Im Zweifel lieber weniger als mehr, lautete da der bisherige Zugang. Der EuGH sieht das nun jedoch weniger eng als bisher angenommen. Auf die Ausnahme für Mietverträge könne man sich nicht berufen, „wenn der öffentliche Auftraggeber Maßnahmen ergriffen hat, um die Merkmale der Bauleistung festzulegen oder zumindest entscheidenden Einfluss auf die Planung der Bauleistung zu nehmen“, heißt es in dem Urteil. Und das sei insbesondere dann der Fall, wenn die vom Auftraggeber verlangten Spezifikationen „über die üblichen Vorgaben eines Mieters für eine Immobilie (...) hinausgehen“. Vor allem, wenn nachgewiesen werden kann, dass „Einfluss auf die architektonische Struktur dieses Gebäudes wie seine Größe, seine Außenwände und seine tragenden Wände ausgeübt wird“. Gehe es jedoch bloß um die Gebäudeeinteilung, komme es darauf an, ob sich die Anforderungen des Mieters „aufgrund ihrer Eigenart oder ihres Umfangs abheben“.

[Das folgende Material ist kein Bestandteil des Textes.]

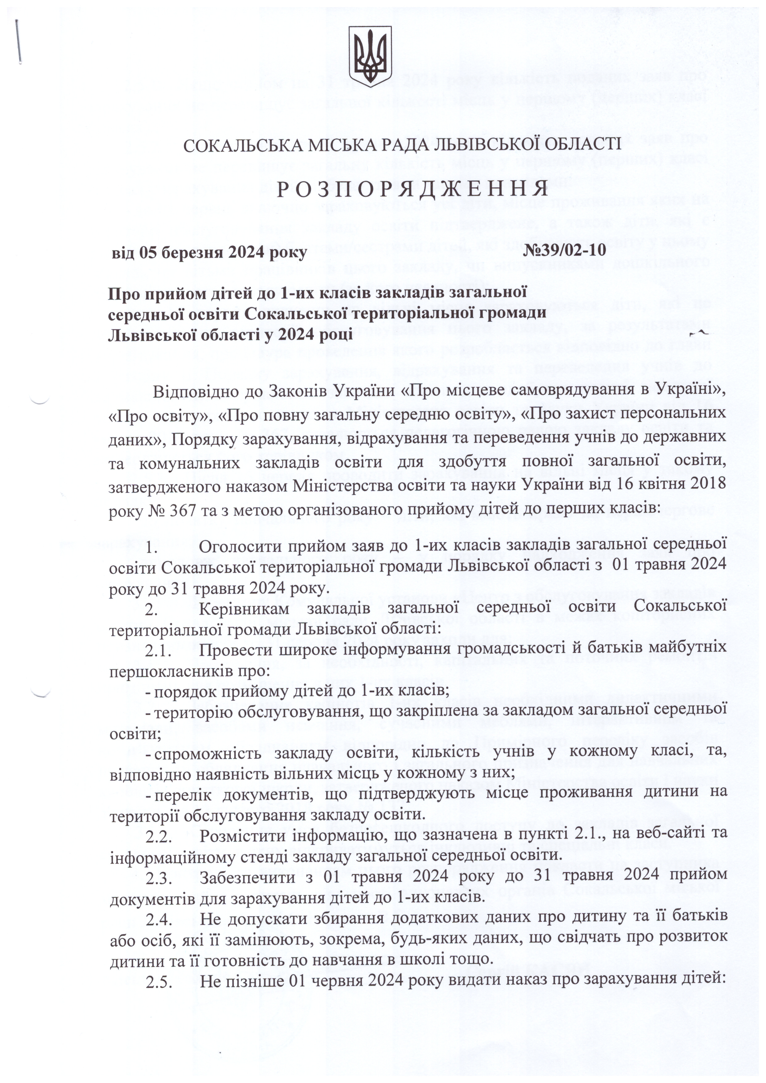 Розпорядження про прийом дітей до 1-их класів
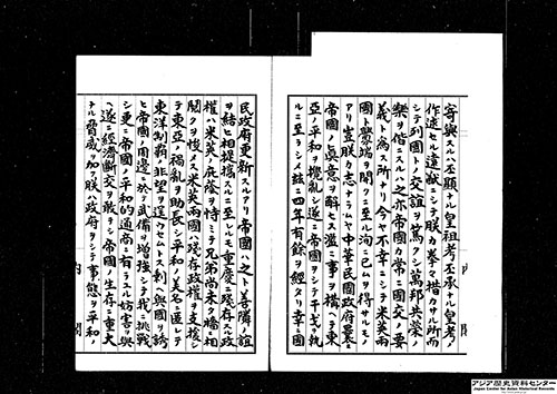外交史料館所蔵の簿冊「大東亜戦争関係一件/大東亜会議関係」( B02032955600)には、各国の演説内容をはじめ、同会議関係のさまざまな資料が収められています。「3.調書/3」「3.調書/4」( B02032958100、B02032958200)からは、各参加国との事前交渉や、会議に対する各国・地域の記事・論調などをうかがうこともできます。
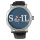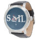 Tekstontwerp van de zagerij met decoratie op een donkerblauwe achtergrond voor zeilboten. Het is mogelijk om de achtergrondkleur te veranderen en verschillende aan het ontwerp met uw keus toe te voegen.
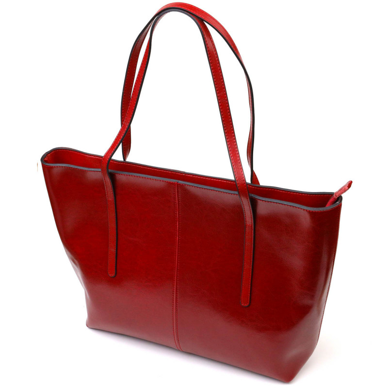 Вместительная сумка шоппер из натуральной кожи Vintage Бордовая

Und das war laut EuGH hier nicht der Fall. Die Immobilie sei als klassisches Bürogebäude konzipiert worden, nach einem für Büroimmobilien dieser Größe üblichen Rastersystem, „das eine für künftige Mieter passende, möglichst flexible Innenaufteilung gewährleistet“. Und dass ein – privates oder öffentliches – Unternehmen, das ein Bürogebäude mieten möchte, bestimmte Wünsche hinsichtlich der Eigenschaften äußert, die der neue Standort nach Möglichkeit aufweisen sollte, sei üblich. „Solche Schritte erlauben es nicht, einen Mietvertrag in einen Bauauftrag umzudeuten“, urteilte der EuGH.

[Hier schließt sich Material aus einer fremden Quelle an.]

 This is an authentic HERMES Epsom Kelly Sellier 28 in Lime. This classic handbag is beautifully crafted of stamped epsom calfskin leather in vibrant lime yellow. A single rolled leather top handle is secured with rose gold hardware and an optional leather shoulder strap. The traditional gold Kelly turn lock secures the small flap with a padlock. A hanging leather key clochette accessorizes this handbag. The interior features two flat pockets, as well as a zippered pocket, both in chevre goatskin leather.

Auch die Vorgaben von Wiener Wohnen hinsichtlich der technischen Standards sowie der Nachhaltigkeitsstandards hielten sich demnach im Rahmen des Marktüblichen. Hier seien die Anforderungen von Mietern allgemein höher geworden, hielt der Gerichtshof fest. Und selbst an der langen Laufzeit des Mietvertrags – mit erstmaliger ordentlicher Kündigungsmöglichkeit nach 25 Jahren – stieß sich der EU-Gerichtshof nicht.

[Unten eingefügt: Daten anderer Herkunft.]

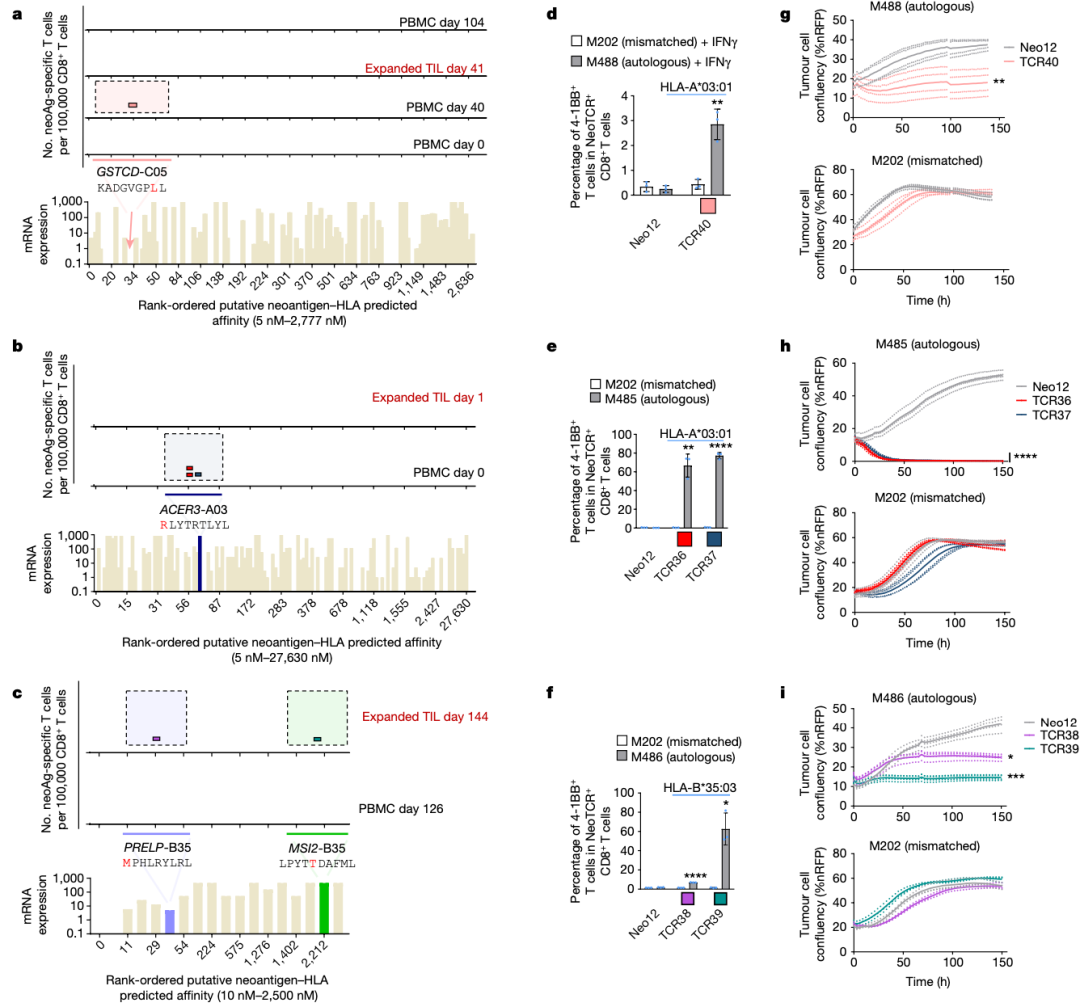 研究结果表明,肿瘤的新抗原特异性免疫反应针对黑素瘤中有限数量的免疫显性突变(范围3到13),与肿瘤突变负荷和免疫治疗的临床反应无关。无论如何,在对抗PD-1有长期临床反应的患者中,新抗原特异性T细胞反应是多克隆的,随着时间的推移,多个新抗原特异性TCR克隆型(范围1到23)反复针对相同的突变,并在血液和肿瘤中检测到。这些结果表明,自然T细胞反应通过靶向数量非常有限的不同T细胞克隆型突变来清除肿瘤,其中一些细胞识别不同的HLA-新表位复合物,呈现相同的非同义突变。无论如何,研究者不能排除T细胞靶向非突变的肿瘤相关抗原(如黑素体分化抗原)在整体抗肿瘤反应中的作用。

Was heißt das nun für andere Projekte? Wichtig ist vor allem ein bereits fertiger Architekturplan. „Angenommen, Wiener Wohnen hätte sich ein Gebäude mit dem Grundriss ,WW‘ bauen lassen: Das ginge nicht“, nennt Wolfgang Lauchner aus dem Vergaberechtsteam von Wolf Theiss ein plakatives Beispiel. Beim Innenausbau gehen die Mitbestimmungsmöglichkeiten jedoch weiter als gedacht. „Da kommt es auf die Marktüblichkeit an“, sagt Lauchner.

Folgen bei Verstoß „beinhart“

Erleichterungen bringt das jedenfalls bei gängigen Immobilien wie Bürogebäuden, bei denen die meisten Mieter, egal ob privat oder öffentlich, ähnliche Anforderungen stellen. Bei spezifischen Bauwerken, etwa bei Schulen oder Krankenhäusern, „bleibt es aber kritisch“, sagt Essletzbichler. Und eines gelte nach wie vor: „Wird doch ein Verstoß festgestellt, sind die Folgen beinhart.“ Dann muss laut EuGH der rechtskonforme Zustand hergestellt werden, koste es, was es wolle. Und das bedeutet in einem Fall wie diesem: Man muss den Mietvertrag auflösen. „Selbst ein Kündigungsverzicht nützt dann nichts.“

Speziell bei Verträgen mit langer Bindungsdauer wäre das „ein Supergau“, sagen beide Juristen. Zwar heißt es in den Erläuterungen zum österreichischen Bundesvergabegesetz (§ 366), dass man in einem solchen Fall nicht nur die Pflicht, sondern auch ein Recht zur einseitigen Vertragsauflösung habe – allerdings haben die Erläuterungen keine Gesetzeskraft. Faktisch müsste man sich in vielen Fällen aus dem Vertrag teuer hinauskaufen und für die Zeit bis dahin auch noch ein hohes Bußgeld zahlen.

Hat man (private) Untermieter, kommen deren Entschädigungsansprüche dazu. Und dann ist da noch das faktische Problem, als Mieter rasch einen neuen Standort – und als Vermieter einen neuen Mieter finden zu müssen. Fazit: Vorsicht bleibt auch nach diesem Urteil geboten.